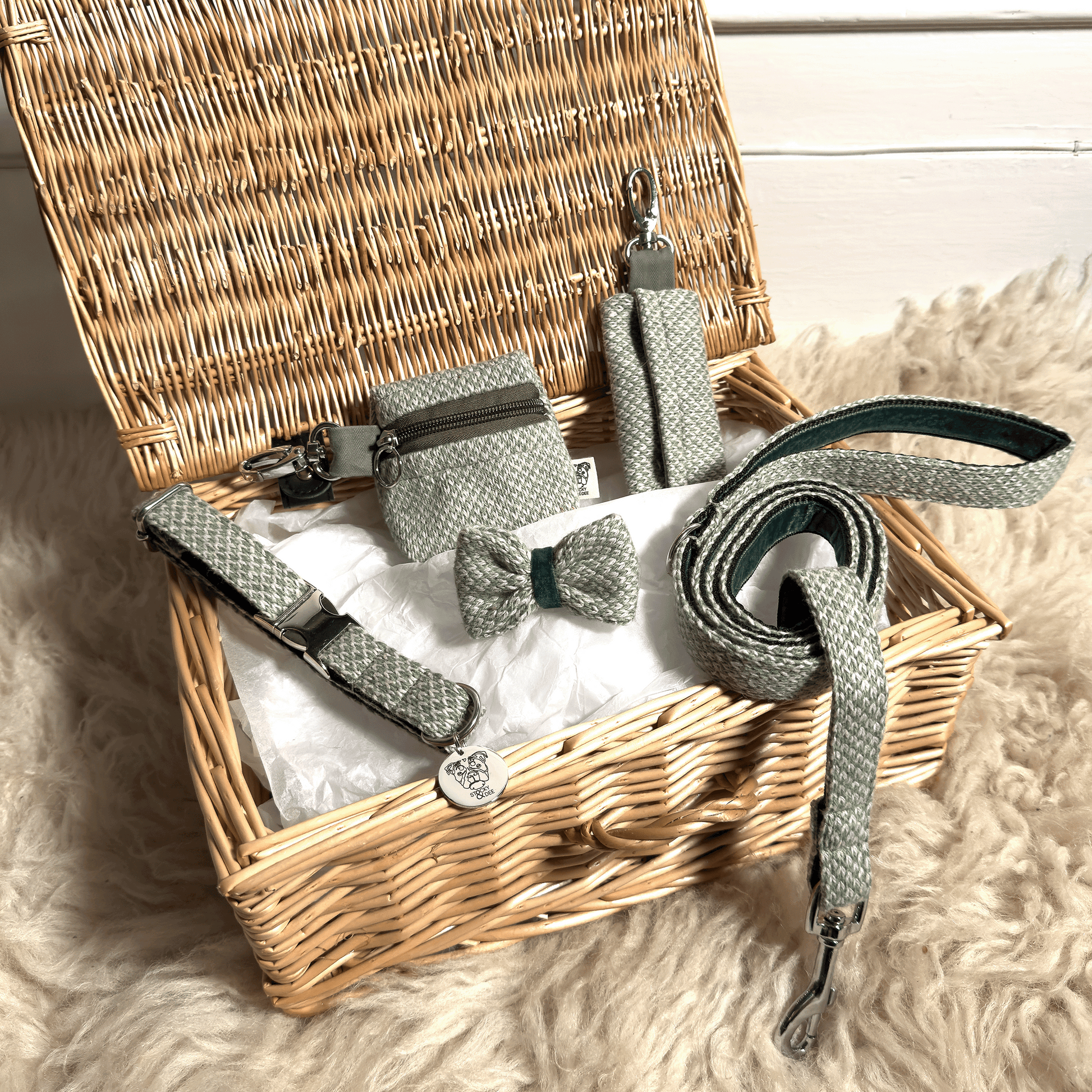 Give the perfect gift to your dog this Christmas with our new bespoke hampers! Featuring a quality, custom hamper and a range of handcrafted pieces in the Green & Dove design. A timeless green combo, Stainless Steel fittings and a custom finishes on the Bow Tie and Hamper it's the ultimate festive gift for your pup.
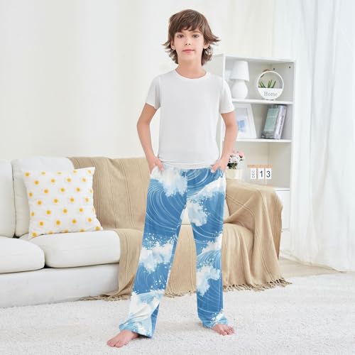 HOT ! Sea Waves Boys Long Pants Soft Trousers Elastic Waist Kids Lounge Bottoms with Pockets S-XL
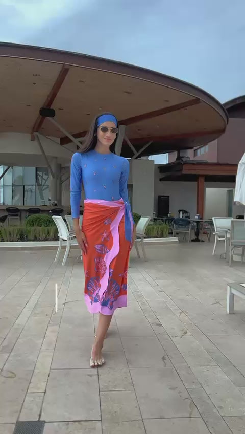 Dive into ocean depths with the STELLA CORAL Swim Duo Set, where vibrant marine inspiration meets modern style. This playful two-piece features a long-sleeve bodysuit with a convenient back zipper for easy on-and-off, paired with a uniquely designed wraparound pareo skirt that captures the essence of tropical coral reefs. Perfect for beach days, pool parties, or anyone who loves making a splash with coordinated swimwear that celebrates the beauty of the sea.
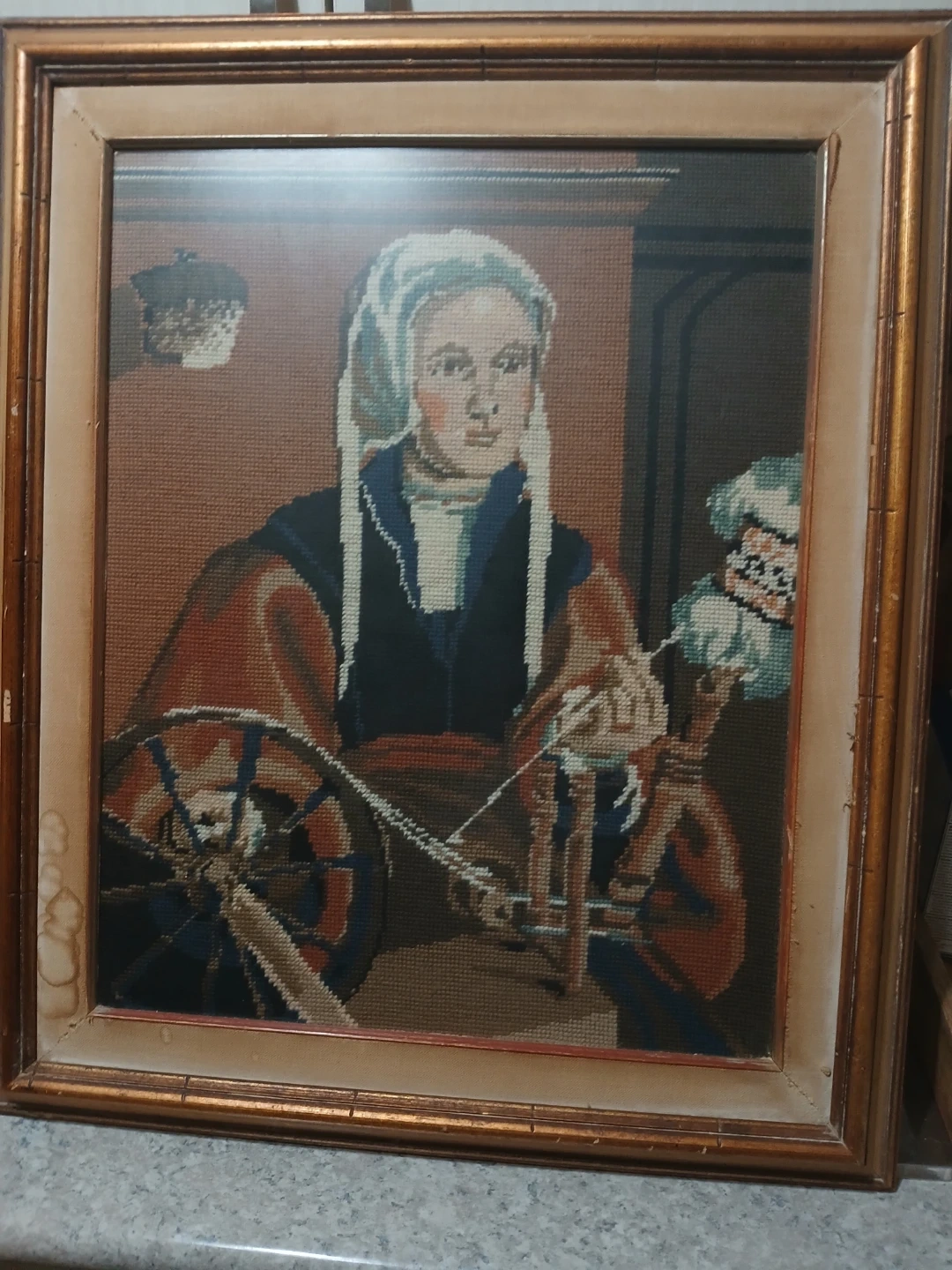 3 Beautiful framed needlepoint art featuring a lovely floral arrangement. A beautiful lady and an old woman . They are in great condition for the age
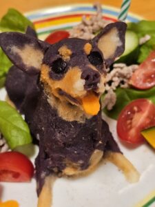 ケーキはマッシュポテトにお野菜や果物の汁で色をお付けしてます。
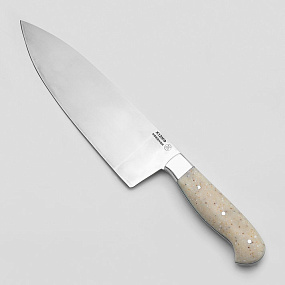 Нож изготовлен из инструментальной штампованной стали Х12МФ. Данная сталь является высококачественным и популярным материалом для изготовления охотничьих ножей. Благодаря легирующим добавкам - хрому, молибдену и ванадию, ножи из стали Х12МФ обладают высокой прочностью и износостойкостью. Х12МФ на особом счету у охотников, ведь сплав прекрасно подходит для профессиональных охотничьих ножей, что подтверждается количеством шкуросъемных ножей, изготавливаемых российскими ножевыми мастерскими. При этом, данная сталь используется для изготовления практически всех типов ножей: и шкуросъемных, и городских складных, и кухонных для профессиональных поваров. Благодаря содержанию хрома - 12%, сталь почти (именно почти) не ржавеет. Однако, при эксплуатации нужно помнить, что это не нержавейка и протирать нож после работы. Импортным аналогом Х12МФ считается D2, имеющий точно такой же химический состав. Не смотря на очень неплохие показатели, которыми обладают ножи из стали Х12МФ, стоимость их находится в среднем ценовом диапазоне и это не может не радовать.
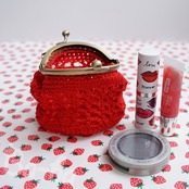 さらっとした手触りの糸を透け感のある透かし編みで編み上げ、がま口に仕上げました。
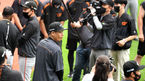 [OSEN=잠실, 이대선 기자] 4일 오후 서울 잠실야구장에서 ’2021 신한은행 SOL KBO 리그' LG 트윈스와 한화 이글스의 경기가 열렸다.경기에 앞서 KIA에서 트레이드 된 한화 백용환이 상견례를 준비하고 있다. 2021.07.04 /sunday@osen.co.kr
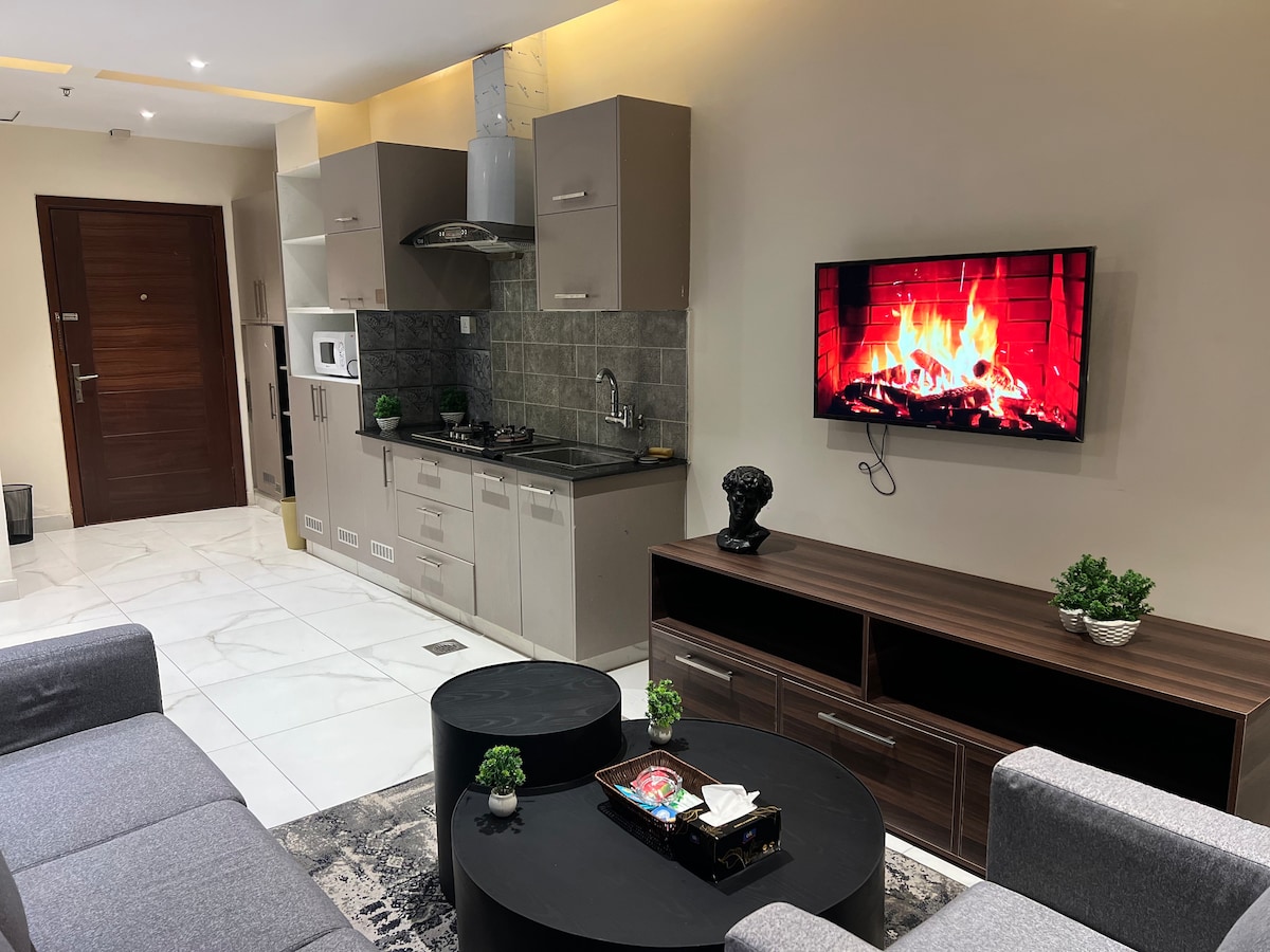 Tämä tyylikäs, minimalistinen ja ylellinen yksiö on viihtyisä ja taiteellinen paikka Gulbergin sydämessä. Nauti upeista näkymistä kaupunkiin ja päätielle, mukaan lukien Monalin siluetti ja hehkuvat yövalot. Tilava oleskelutila, jossa on täysin varustettu avoin keittiö, älytelevisio ja ilmainen parkkipaikka kellarissa, tekee siitä täydellisen pienille perheille, yksin matkustaville, ammattilaisille ja pitkiä majoittumisia varten. – Aikainen sisäänkirjautuminen / myöhäinen uloskirjautuminen saatavuuden mukaan, 1 000 PKR/tunti – Naimattomat parit eivät ole sallittuja – Kaikilla yli 18-vuotiailla pitää olla henkilötodistus.
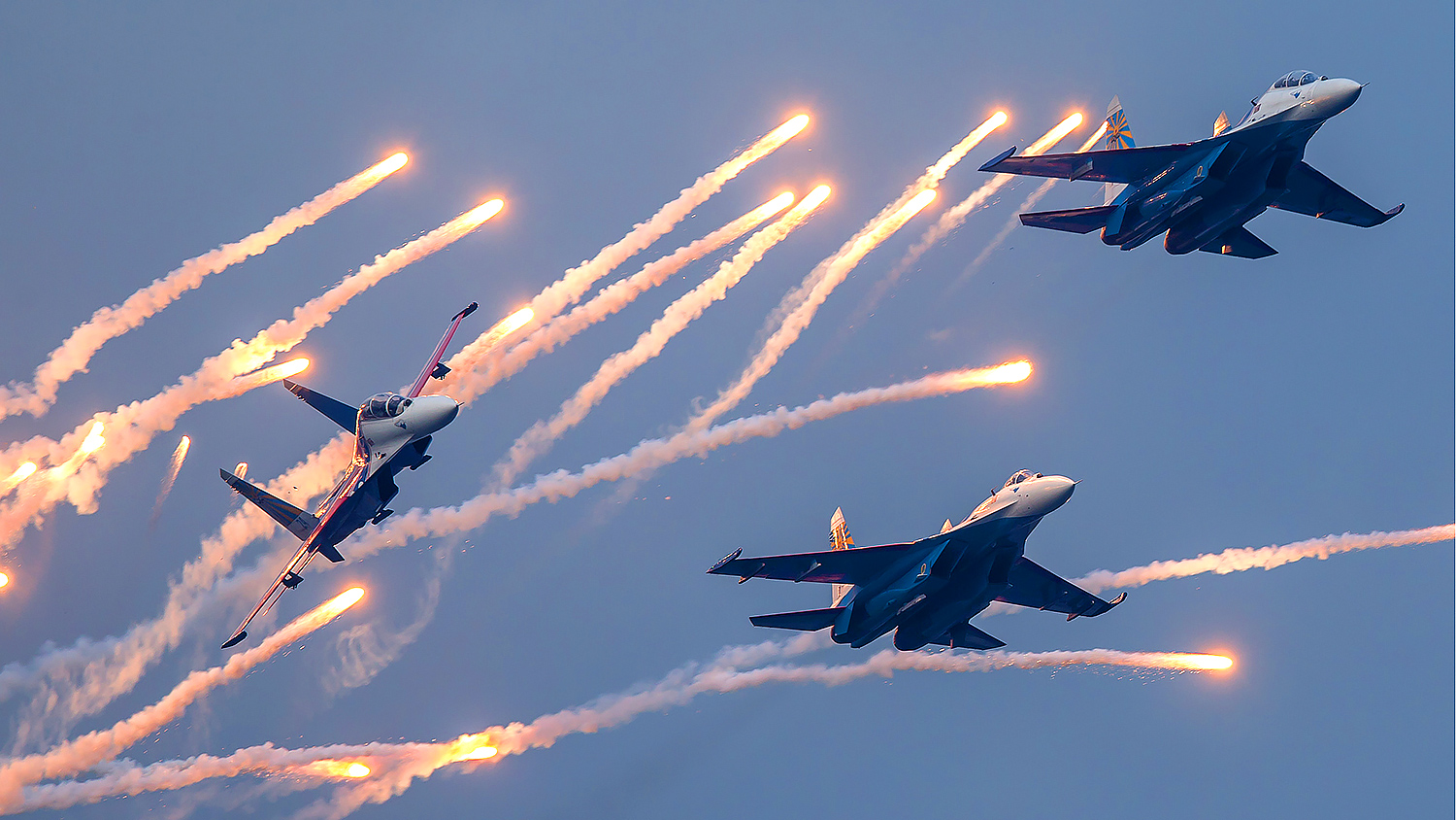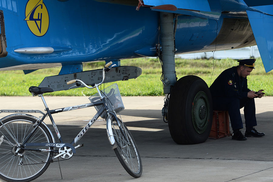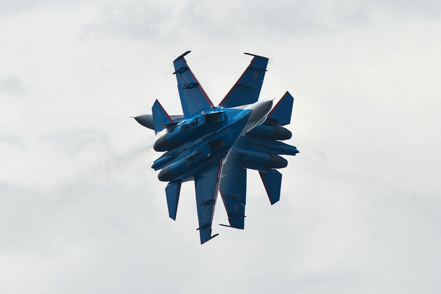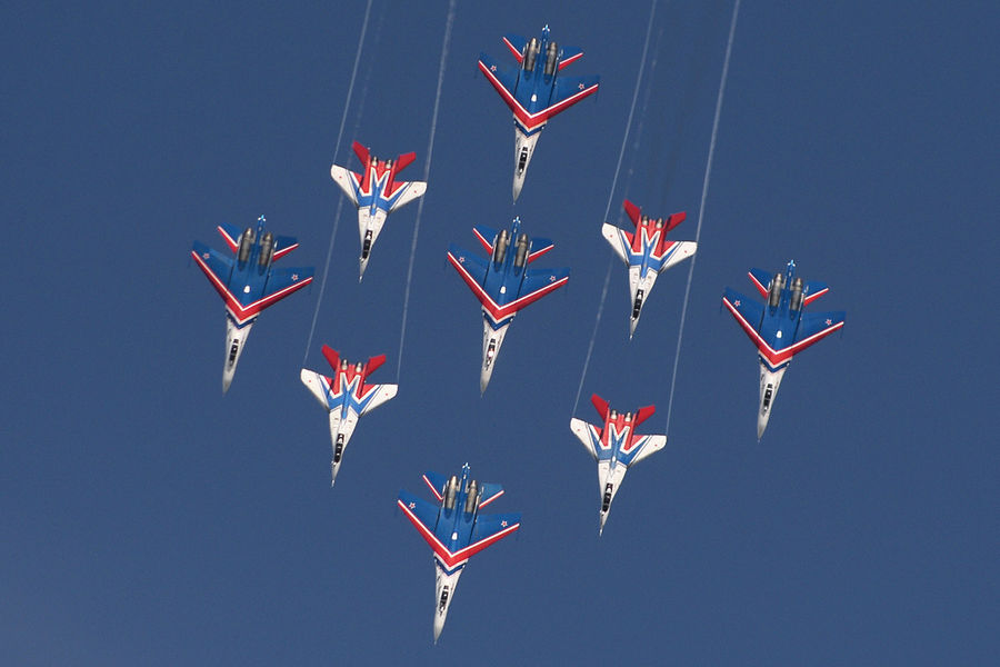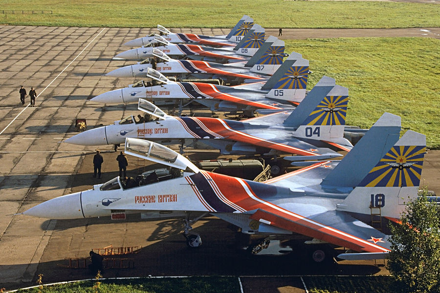 Это единственная в мире группа, которая выполняет фигуры одиночного и группового пилотажа на тяжелых истребителях. Авиационную группу высшего пилотажа начали создавать еще в мае 1989 года.
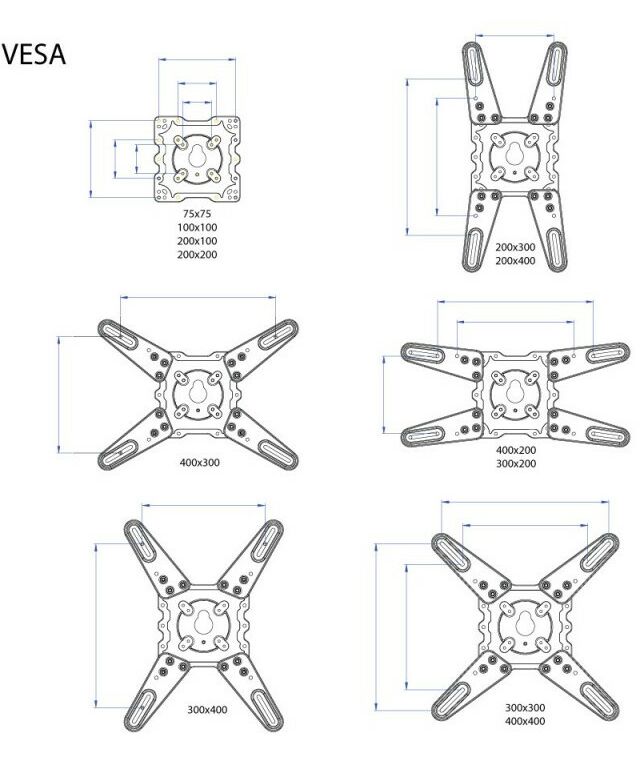- Крепежные отверстия (VESA) 75 x 75, 100 x 100, 100 x 200, 200 x 100, 200 x 200, 300 x 200, 300 x 300, 400 x 200, 400 x 300, 400 x 400
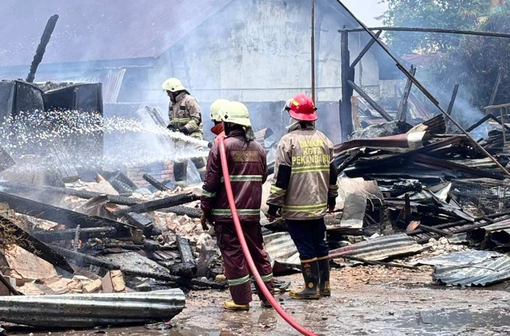 Petugas Pemadam Kebakaran Kota Pekanbaru menyemprotkan air ke puing-puing bangunan yang terbakar di Jalan Pepaya ujung, Kecamatan Sukajadi, Senin (30/3/2026) siang. Damkar pekanbaru untuk riau pos
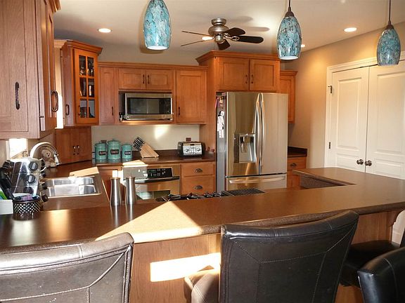 This is a FANTASTIC HOME! 2142 S.F., with a Main Floor Master Suite, Split bedroom floor plan, featuring a Daylight Finished Lower Level (making a total of almost 3000 Finished S.F.) with 9 Ft. Ceilings and a half bath on a Pondlot in Pinestone. All Brick Front with a covered Front Porch, Hardwood flooring in the foyer & dining room (used as an multi-purpose room with French Doors currently), GRABILL HICKORY CABINETS in a Kitchen that is every cook's dream with Stainless Steel Appliances, pantry, separate gas down-draft Cooktop and oven, microwave shelf and breakfast bar with pendant lighting. Spanish Lace Ceilings, Plantation Shutters, 36 inch Doorways and Hi-efficient Furnace. Walk-in Attic from upstairs or use the pull-down in the garage. Spacious Master Suite offers a trey ceiling and the Master Bath features a 5 Ft. Shower, Twin sinks in a 36" high vanity and a Separate Tub. 2 Bedrooms and a Loft upstairs with a gorgeous window wall to enjoy pond views. The loft also overlooks the Greatroom with 2-story High Ceiling. Don't miss the convenient sidewalk to the front door! Great Curb Appeal with the End-Loan Garage. Laundry Room is 8'x7'. There is a newer Pergola over a Stamped Concrete Patio with stone walls and a gate out to the pond. Move in Ready. Home is freshly painted inside and most of the carpet has been replaced. There is also a newer sump pump with a battery back-up. Seller wishes they could take the house with them~
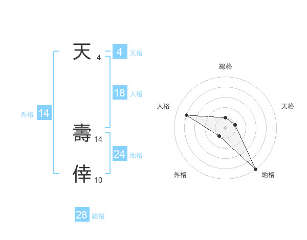 天 壽倖さんの総格は28画の1点!

# # # # #

[EXERCISE REQUIREMENTS] The expected output is each record, copied exactly, and nothing in place of the pictures.

[SOLUTION]
 Give the perfect gift to your dog this Christmas with our new bespoke hampers! Featuring a quality, custom hamper and a range of handcrafted pieces in the Green & Dove design. A timeless green combo, Stainless Steel fittings and a custom finishes on the Bow Tie and Hamper it's the ultimate festive gift for your pup.
 HOT ! Sea Waves Boys Long Pants Soft Trousers Elastic Waist Kids Lounge Bottoms with Pockets S-XL
 Dive into ocean depths with the STELLA CORAL Swim Duo Set, where vibrant marine inspiration meets modern style. This playful two-piece features a long-sleeve bodysuit with a convenient back zipper for easy on-and-off, paired with a uniquely designed wraparound pareo skirt that captures the essence of tropical coral reefs. Perfect for beach days, pool parties, or anyone who loves making a splash with coordinated swimwear that celebrates the beauty of the sea.
 3 Beautiful framed needlepoint art featuring a lovely floral arrangement. A beautiful lady and an old woman . They are in great condition for the age
 ケーキはマッシュポテトにお野菜や果物の汁で色をお付けしてます。
 Нож изготовлен из инструментальной штампованной стали Х12МФ. Данная сталь является высококачественным и популярным материалом для изготовления охотничьих ножей. Благодаря легирующим добавкам - хрому, молибдену и ванадию, ножи из стали Х12МФ обладают высокой прочностью и износостойкостью. Х12МФ на особом счету у охотников, ведь сплав прекрасно подходит для профессиональных охотничьих ножей, что подтверждается количеством шкуросъемных ножей, изготавливаемых российскими ножевыми мастерскими. При этом, данная сталь используется для изготовления практически всех типов ножей: и шкуросъемных, и городских складных, и кухонных для профессиональных поваров. Благодаря содержанию хрома - 12%, сталь почти (именно почти) не ржавеет. Однако, при эксплуатации нужно помнить, что это не нержавейка и протирать нож после работы. Импортным аналогом Х12МФ считается D2, имеющий точно такой же химический состав. Не смотря на очень неплохие показатели, которыми обладают ножи из стали Х12МФ, стоимость их находится в среднем ценовом диапазоне и это не может не радовать.
 さらっとした手触りの糸を透け感のある透かし編みで編み上げ、がま口に仕上げました。
 [OSEN=잠실, 이대선 기자] 4일 오후 서울 잠실야구장에서 ’2021 신한은행 SOL KBO 리그' LG 트윈스와 한화 이글스의 경기가 열렸다.경기에 앞서 KIA에서 트레이드 된 한화 백용환이 상견례를 준비하고 있다. 2021.07.04 /sunday@osen.co.kr
 Tämä tyylikäs, minimalistinen ja ylellinen yksiö on viihtyisä ja taiteellinen paikka Gulbergin sydämessä. Nauti upeista näkymistä kaupunkiin ja päätielle, mukaan lukien Monalin siluetti ja hehkuvat yövalot. Tilava oleskelutila, jossa on täysin varustettu avoin keittiö, älytelevisio ja ilmainen parkkipaikka kellarissa, tekee siitä täydellisen pienille perheille, yksin matkustaville, ammattilaisille ja pitkiä majoittumisia varten. – Aikainen sisäänkirjautuminen / myöhäinen uloskirjautuminen saatavuuden mukaan, 1 000 PKR/tunti – Naimattomat parit eivät ole sallittuja – Kaikilla yli 18-vuotiailla pitää olla henkilötodistus.
 Это единственная в мире группа, которая выполняет фигуры одиночного и группового пилотажа на тяжелых истребителях. Авиационную группу высшего пилотажа начали создавать еще в мае 1989 года.
- Крепежные отверстия (VESA) 75 x 75, 100 x 100, 100 x 200, 200 x 100, 200 x 200, 300 x 200, 300 x 300, 400 x 200, 400 x 300, 400 x 400
 Petugas Pemadam Kebakaran Kota Pekanbaru menyemprotkan air ke puing-puing bangunan yang terbakar di Jalan Pepaya ujung, Kecamatan Sukajadi, Senin (30/3/2026) siang. Damkar pekanbaru untuk riau pos
 This is a FANTASTIC HOME! 2142 S.F., with a Main Floor Master Suite, Split bedroom floor plan, featuring a Daylight Finished Lower Level (making a total of almost 3000 Finished S.F.) with 9 Ft. Ceilings and a half bath on a Pondlot in Pinestone. All Brick Front with a covered Front Porch, Hardwood flooring in the foyer & dining room (used as an multi-purpose room with French Doors currently), GRABILL HICKORY CABINETS in a Kitchen that is every cook's dream with Stainless Steel Appliances, pantry, separate gas down-draft Cooktop and oven, microwave shelf and breakfast bar with pendant lighting. Spanish Lace Ceilings, Plantation Shutters, 36 inch Doorways and Hi-efficient Furnace. Walk-in Attic from upstairs or use the pull-down in the garage. Spacious Master Suite offers a trey ceiling and the Master Bath features a 5 Ft. Shower, Twin sinks in a 36" high vanity and a Separate Tub. 2 Bedrooms and a Loft upstairs with a gorgeous window wall to enjoy pond views. The loft also overlooks the Greatroom with 2-story High Ceiling. Don't miss the convenient sidewalk to the front door! Great Curb Appeal with the End-Loan Garage. Laundry Room is 8'x7'. There is a newer Pergola over a Stamped Concrete Patio with stone walls and a gate out to the pond. Move in Ready. Home is freshly painted inside and most of the carpet has been replaced. There is also a newer sump pump with a battery back-up. Seller wishes they could take the house with them~
 天 壽倖さんの総格は28画の1点!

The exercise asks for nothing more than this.